• **BRIEF**
Give all of the data below again exactly, and drop the images.

═══ RECORDED INFORMATION

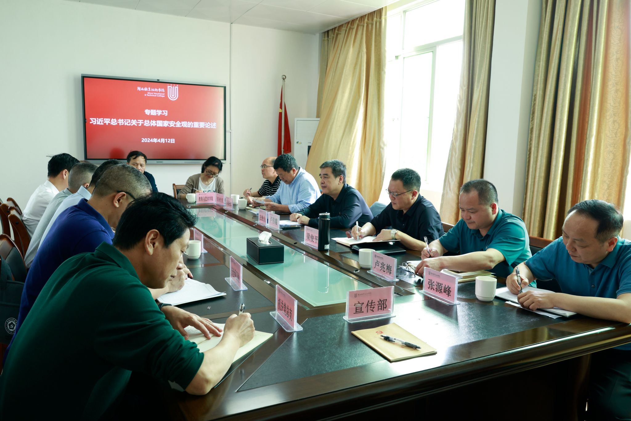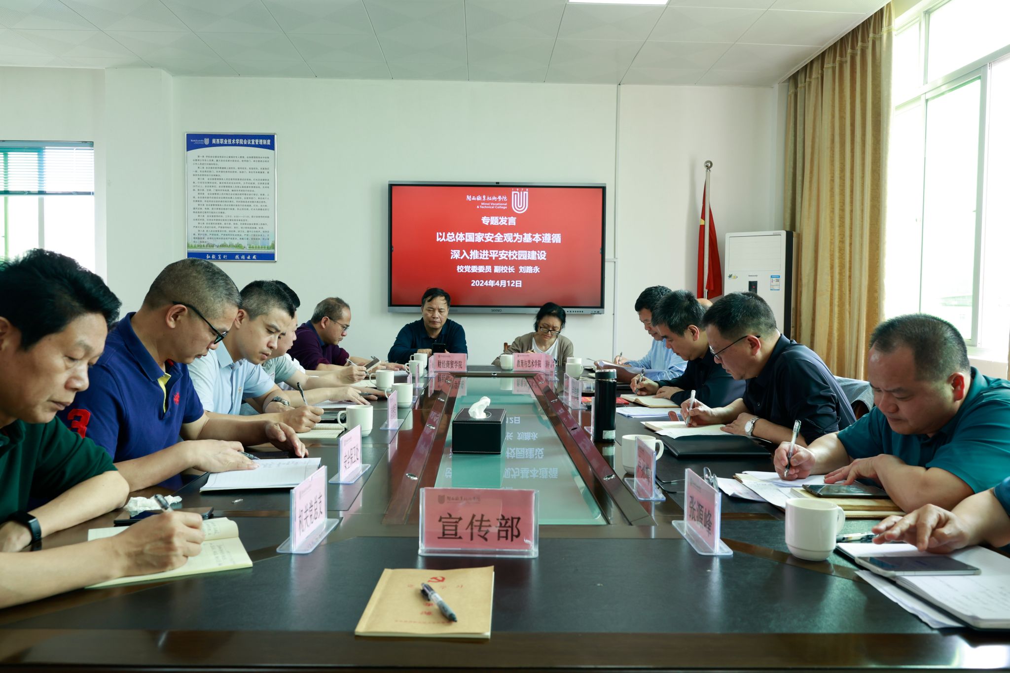 会议指出, 2024年是习近平总书记提出总体国家安全观10周年,今年4月15日将迎来第九个全民国家安全教育日,我们要深入贯彻落实习近平总书记关于加强国家安全教育的重要指示批示精神,围绕“总体国家安全观·创新引领10周年”活动主题深入开展学校国家安全宣传教育活动。
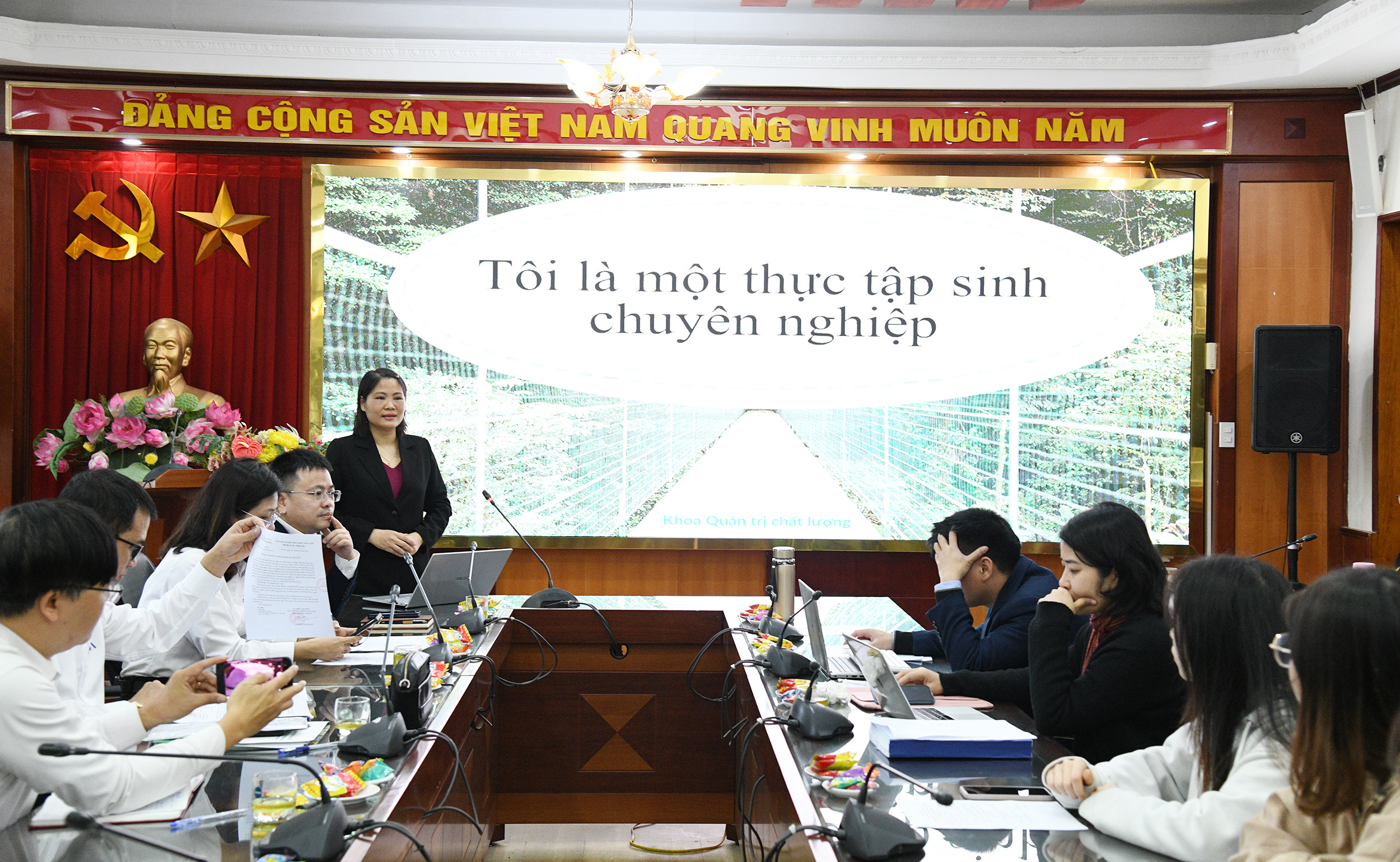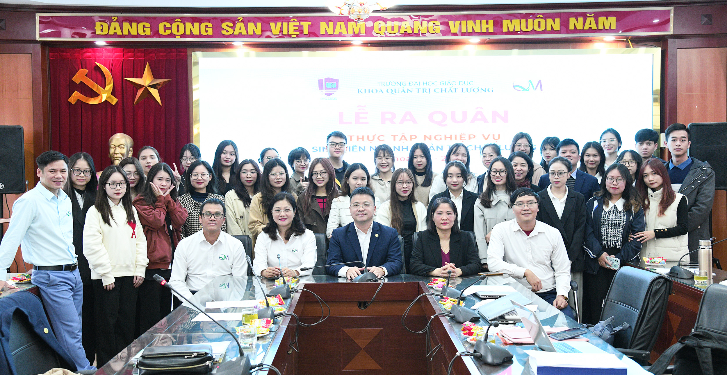 Đoàn thực tập nghiệp vụ cho sinh viên khoa Quản trị chất lượng được thực hiện dưới sự chỉ đạo trực tiếp của PGS.TS. Nguyễn Thuý Nga – Phó Chủ nhiệm Khoa; Các giảng viên TS. Nguyễn Anh Tuấn, TS. Phạm Văn Hoằng làm trưởng đoàn.
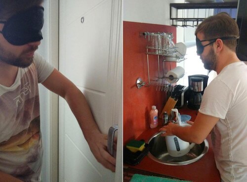 但是我们要想简单一点!你可以用30分钟规划想法并作出原型,这个过程更不需要视力受损者参与测试。在一次原型开发的实践中,我们用一个非常简单的产品原型进行了实验:我们给一位团队成员蒙上了眼睛,然后用在他的腰部敲击这种办法来模拟腰带的振动。这种简单到离谱的做法让我们进行了产品创意最基本的初始测试然后马上收到了反馈。
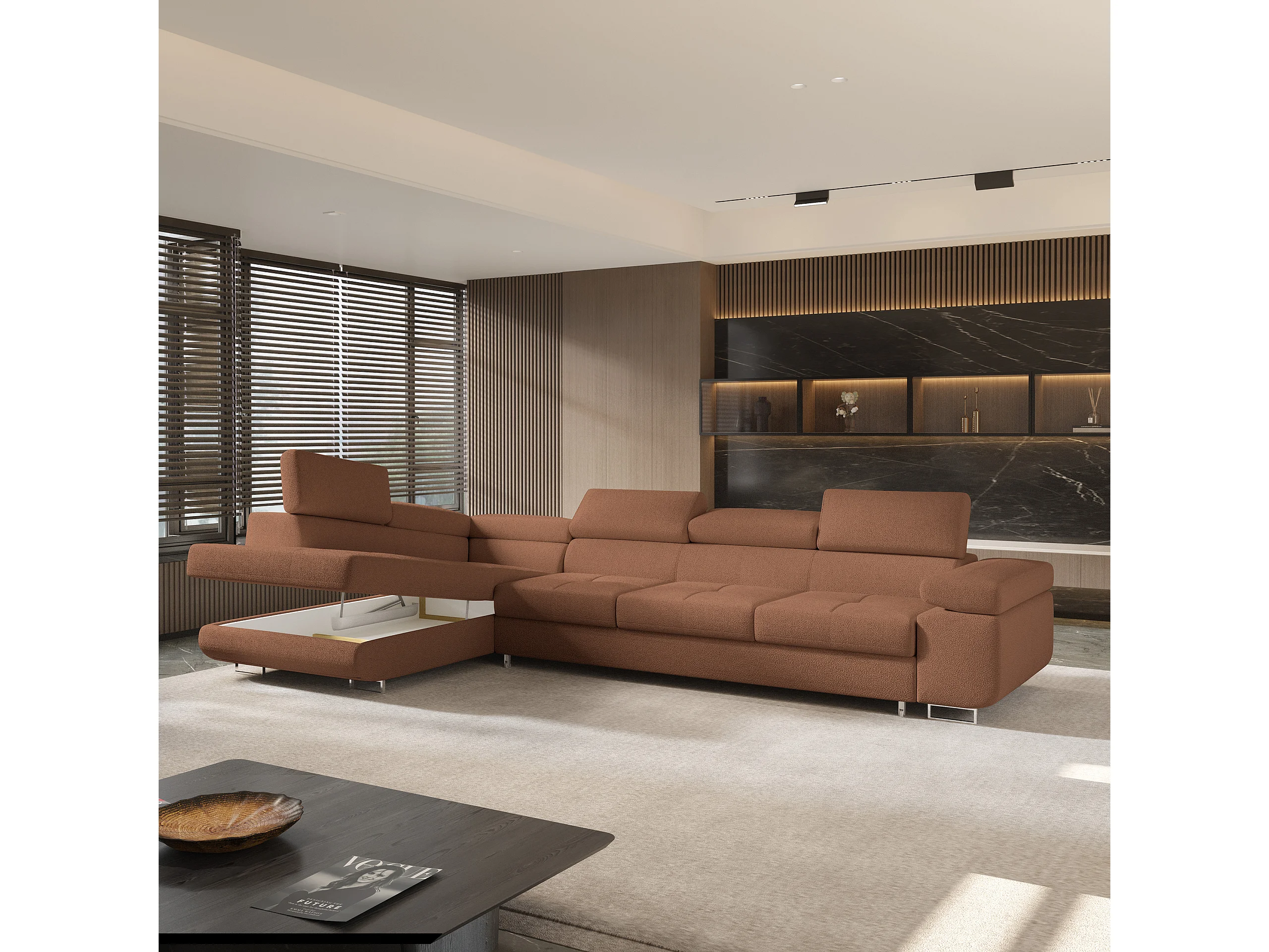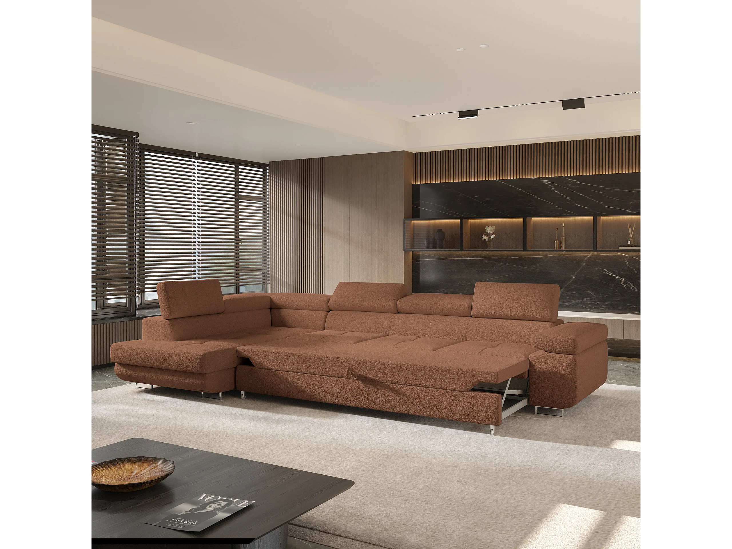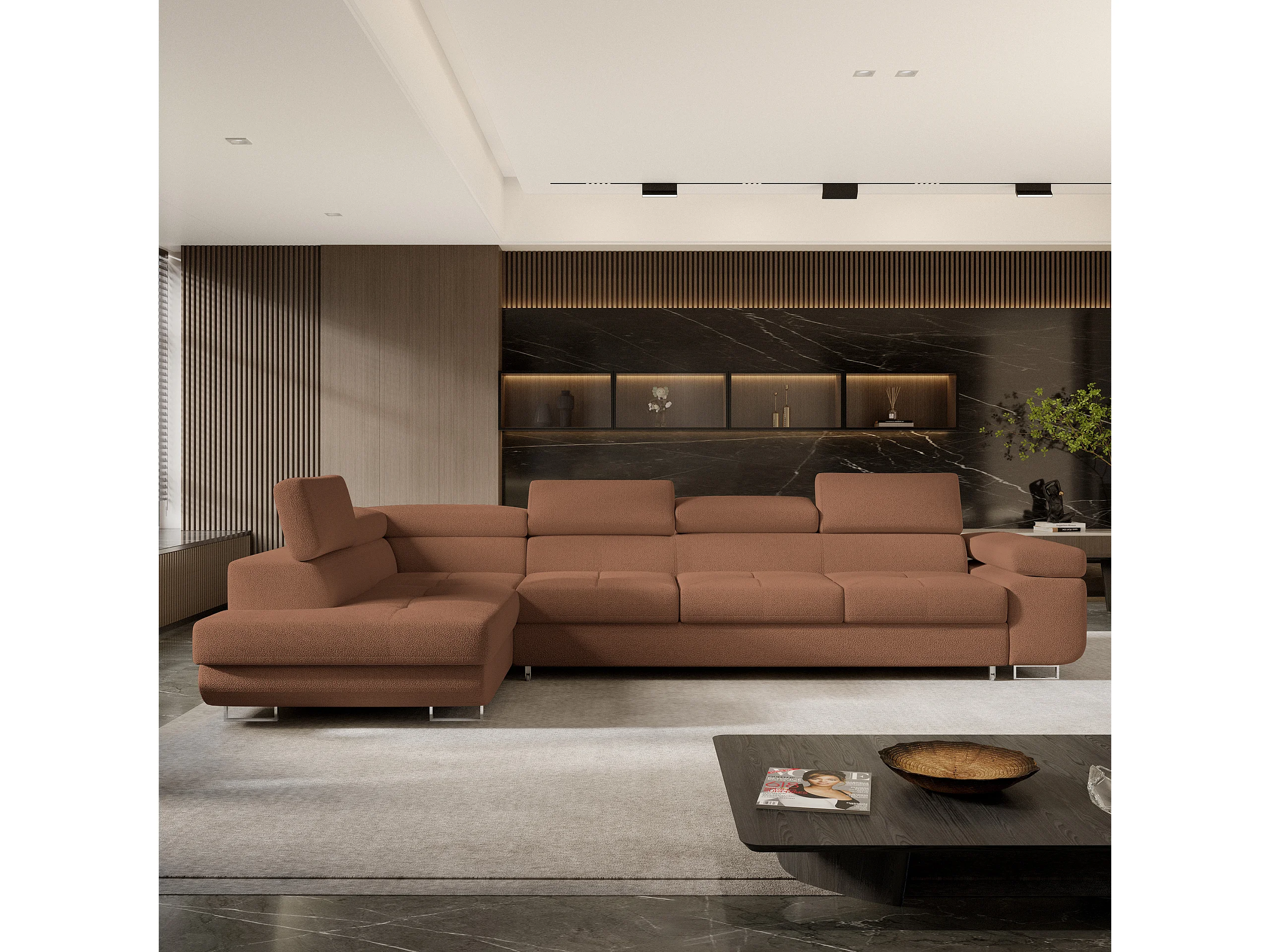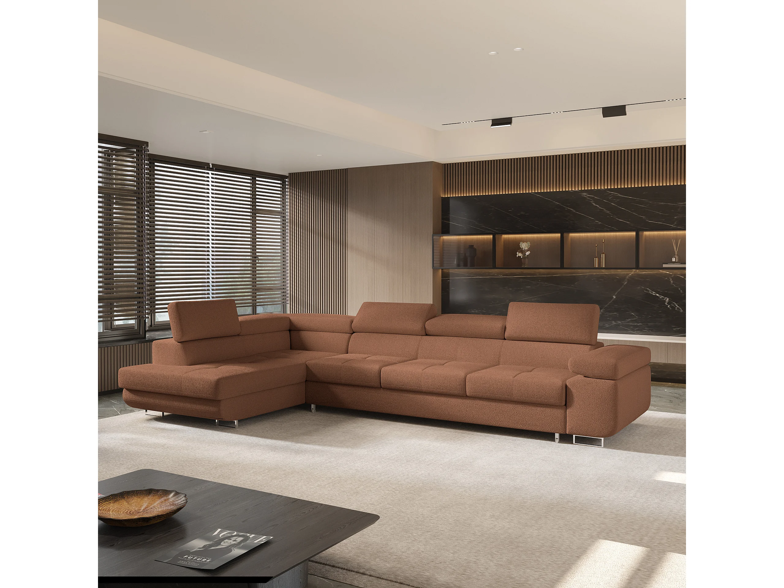 Hoekbank VICENTE van fluweel met slaapfunctie Orange

══════

• **YOUR SOLUTION**
 会议指出, 2024年是习近平总书记提出总体国家安全观10周年,今年4月15日将迎来第九个全民国家安全教育日,我们要深入贯彻落实习近平总书记关于加强国家安全教育的重要指示批示精神,围绕“总体国家安全观·创新引领10周年”活动主题深入开展学校国家安全宣传教育活动。
 Đoàn thực tập nghiệp vụ cho sinh viên khoa Quản trị chất lượng được thực hiện dưới sự chỉ đạo trực tiếp của PGS.TS. Nguyễn Thuý Nga – Phó Chủ nhiệm Khoa; Các giảng viên TS. Nguyễn Anh Tuấn, TS. Phạm Văn Hoằng làm trưởng đoàn.
 但是我们要想简单一点!你可以用30分钟规划想法并作出原型,这个过程更不需要视力受损者参与测试。在一次原型开发的实践中,我们用一个非常简单的产品原型进行了实验:我们给一位团队成员蒙上了眼睛,然后用在他的腰部敲击这种办法来模拟腰带的振动。这种简单到离谱的做法让我们进行了产品创意最基本的初始测试然后马上收到了反馈。
 Hoekbank VICENTE van fluweel met slaapfunctie Orange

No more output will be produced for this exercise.